__Required work__. Look below for the line with "Folder A4 z", then repeat it and all lines after it, exactly, minus any pictures.

__Information shown__.
• • • • • • •

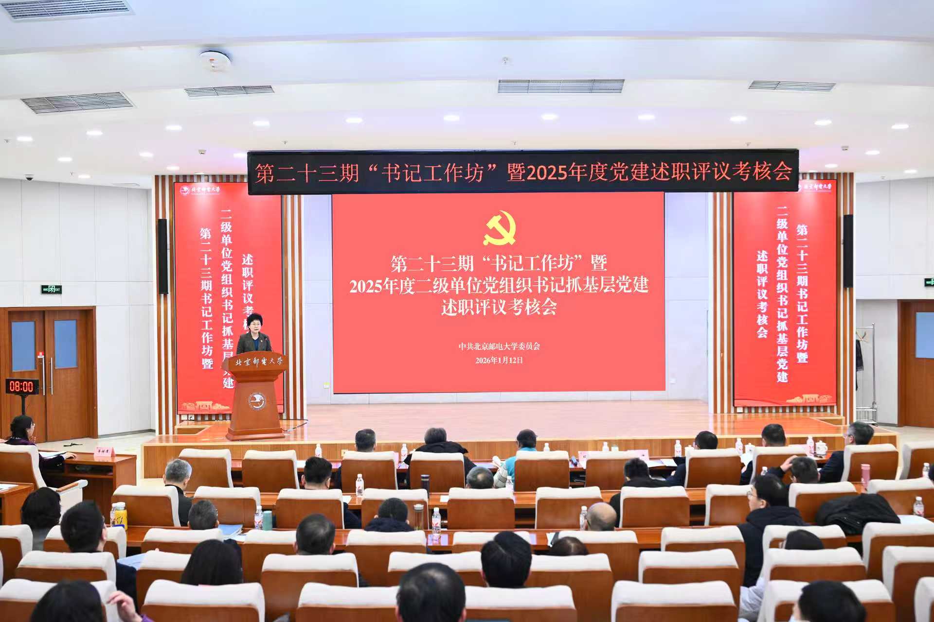 2026年1月12日,北京邮电大学召开2025年度二级单位党组织书记抓基层党建工作述职评议会暨第二十三期书记工作坊,教育部党建工作联络员林志华到会指导,校党委书记续梅主持并讲话,校领导班子成员出席会议。
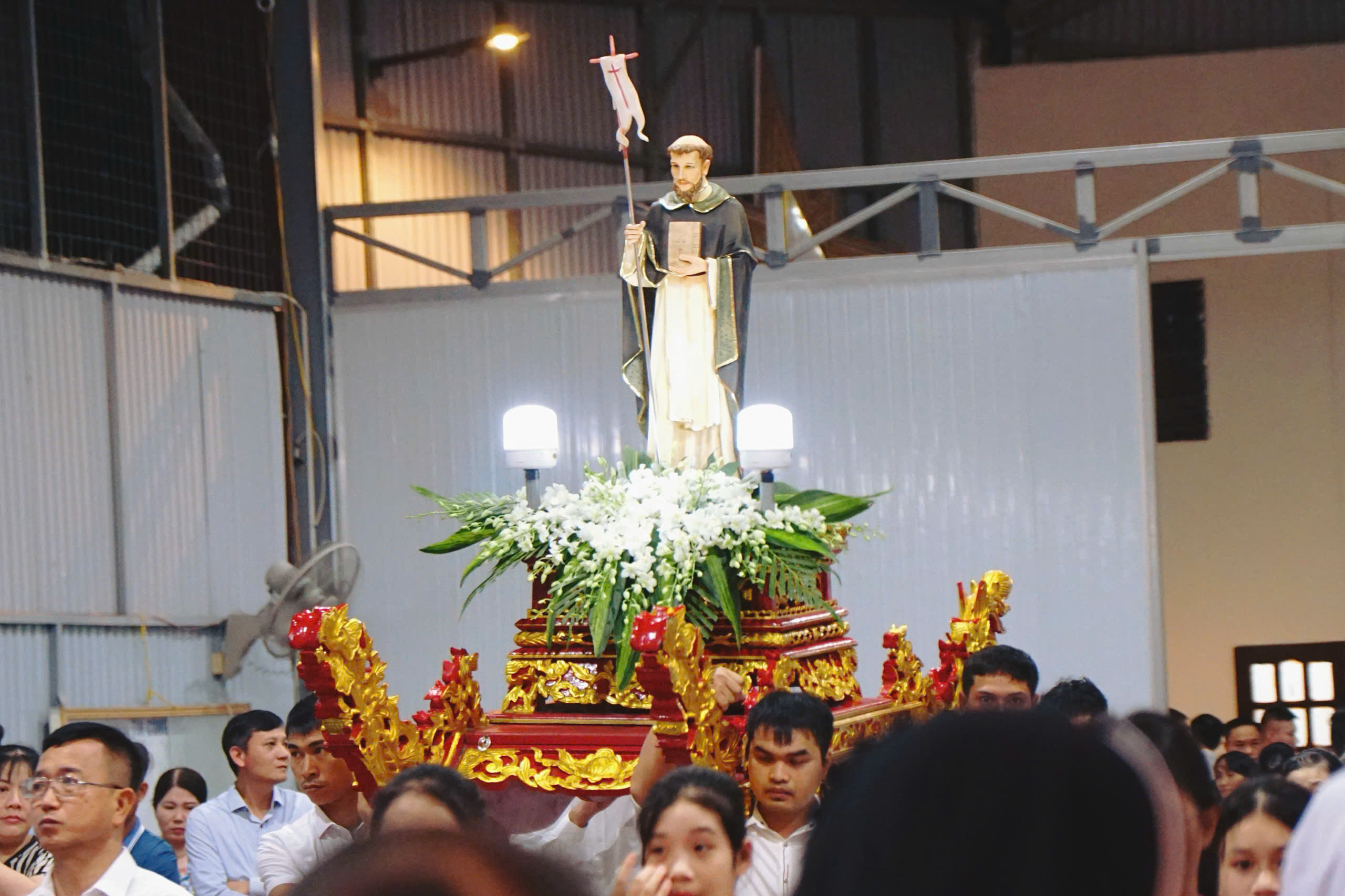 Sau nghi thức làm phép tượng là cuộc rước long trọng bước vào Thánh lễ. Với lời mở đầu Thánh lễ, cha xứ bày tỏ vui mừng trước tấm lòng nhiệt thành và dấn thân phục vụ cộng đoàn của các bạn trẻ là thành viên Hội Trống. Ngài cũng nhấn mạnh việc thành lập các Ban ngành hội đoàn trong giáo xứ vừa tạo cho cộng đoàn giáo xứ non trẻ một khung cơ cấu để hoạt động bền vững, vừa cho thấy sự thăng tiến, phát triển của cộng đoàn.
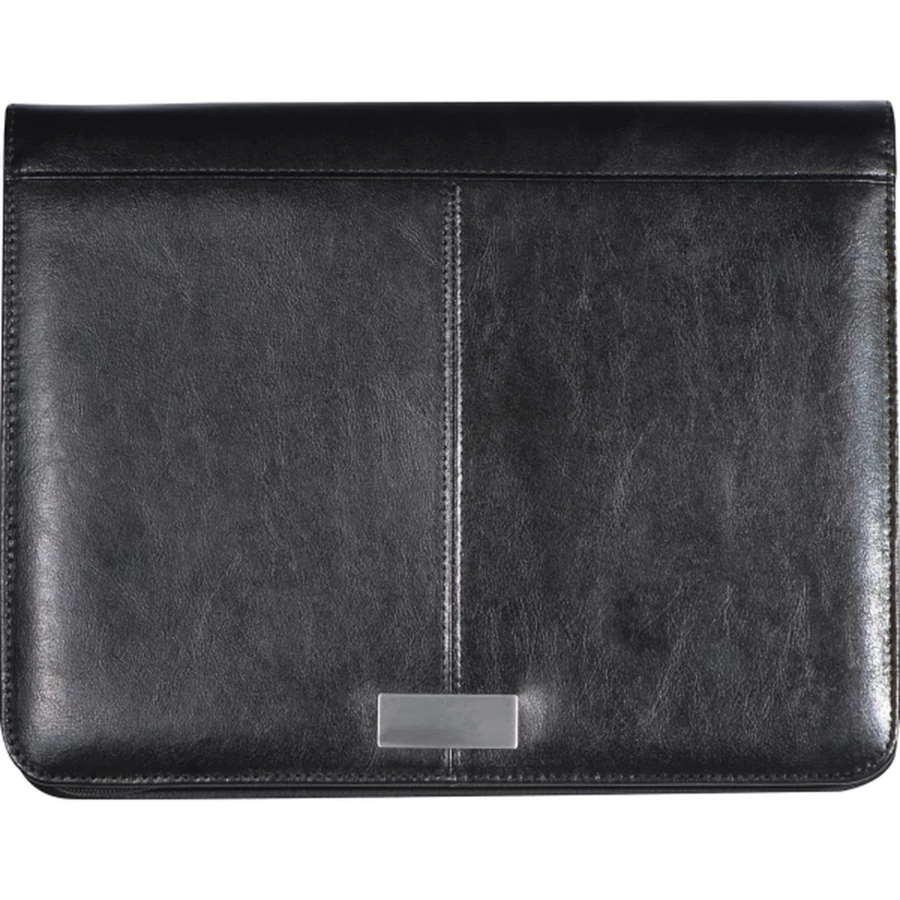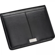 Folder A4 z materiału imitującego skórę. Posiada kieszeń na tablet, liczne przegródki, kieszeń i podstawkę pod telefon, miejsce na długopisy oraz notes w linie z małym kalendarzem.
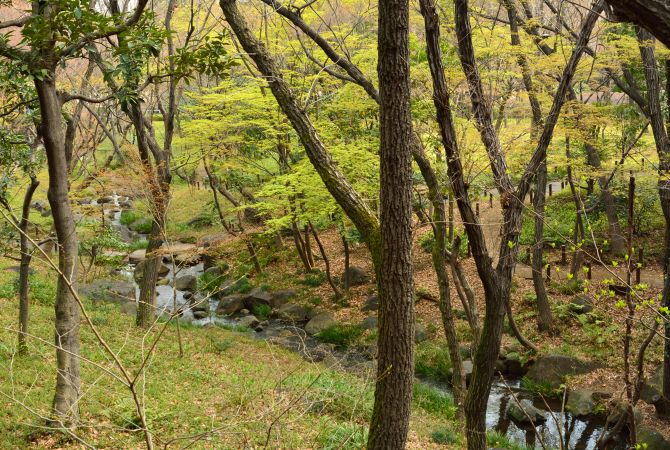 过去曾是势力强大的德川家故居,自 1969 年对外开放后,这座森林公园就一直是民众、情侣及游客散步休闲的僻静天堂。

• • • • • • •

__Task result__.
 Folder A4 z materiału imitującego skórę. Posiada kieszeń na tablet, liczne przegródki, kieszeń i podstawkę pod telefon, miejsce na długopisy oraz notes w linie z małym kalendarzem.
 过去曾是势力强大的德川家故居,自 1969 年对外开放后,这座森林公园就一直是民众、情侣及游客散步休闲的僻静天堂。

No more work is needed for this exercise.